The recent suspension of the democratic constitution in Pakistan on November 3, 2007, and the silencing of many print
and broadcast journalists is the first and most important step in President General Pervez Musharraf’s attempt to consolidate power and assume autocratic rule. Although the implication of another dictatorship in this region of the world is obvious to most people
who are remotely familiar with politics, I was interested in discovering how American talk radio hosts would spin the fall
of democracy so that it would actually appear as a good thing. What I heard was
no less than frightening.
In effect, conservative talk radio was either apologetic or ominously silent on the issue. Glenn Beck went as far as to say that it is preferable to have a dictatorship in Pakistan than to risk
it becoming an Islamic fundamentalist nation. Because the Bush administration
supports Musharraf with financial and military training aid, Republican sycophants such as Rush Limbaugh, Sean Hannity, Beck,
and others willingly refuse to cross swords with the administration. Instead,
these hosts prefer to “tote the party line” in the hope of 1) not alienating ultra-conservative listeners and
politicians and 2) widening the political dichotomy between democratic and republican candidates for president.

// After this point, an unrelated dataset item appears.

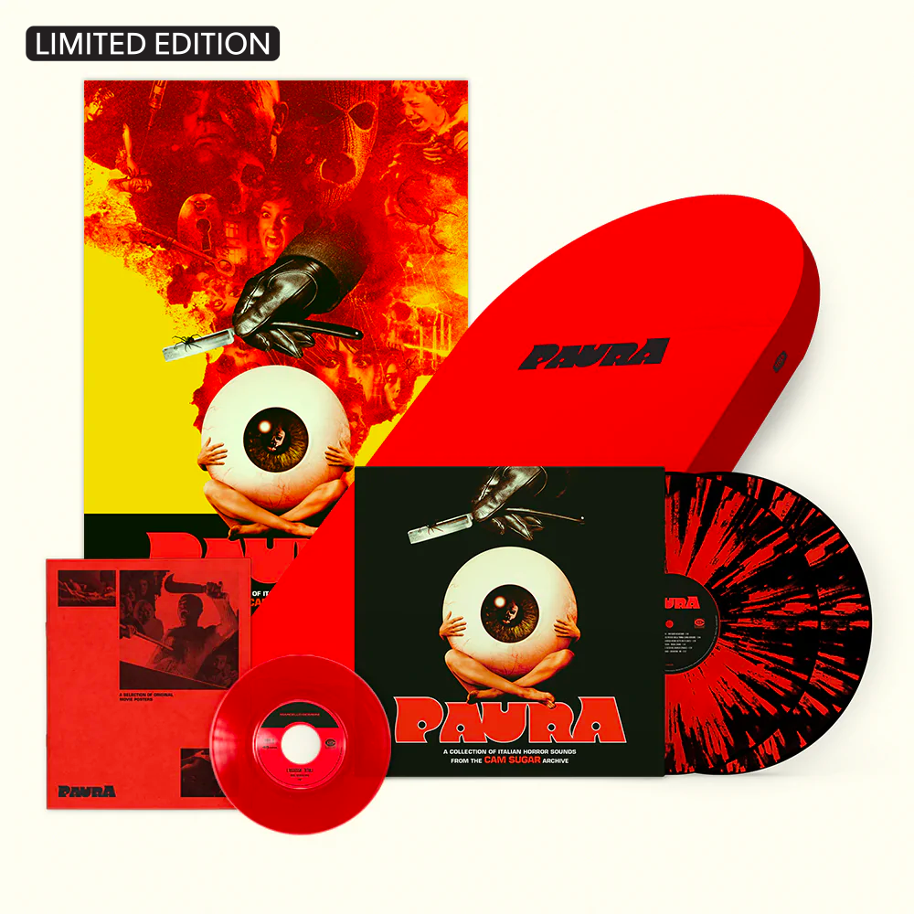 - An exclusive 45rpm vinyl featuring 2 bonus tracks: “L’Ossessa” by Marcello Giombini, and “Le Facce della Morte” by Daniele Patucchi (completely unreleased).

Interestingly enough, though, is the question what would they say should an American president ever impose martial
law and suspend the constitution because of fear that radicals may be destabilizing our government. Would these same conservative, talk radio personalities advocate and support the crackdown on freedom,
even if we were told that martial law was only temporary? I find it laughable
that lawyers in America would protest much as the Pakistani attorneys have done, and I can only assume, noting the sheep-like
nature of the average United States citizen, that nearly everyone would comply. While
free press would be squelched in America, stations that broadcast the likes of Limbaugh and Beck would be allowed to continue
to air their shows unabated while such talk show host spout their autocratic propaganda not wholly unlike many figures in
the media did in Germany in the 1930s and 40s.
When going to sleep tonight, we should ask ourselves this: Would I have the
courage to stand up in resistance to dictatorship should it ever arise on my home soil or would I, too, nod in obsequiousness?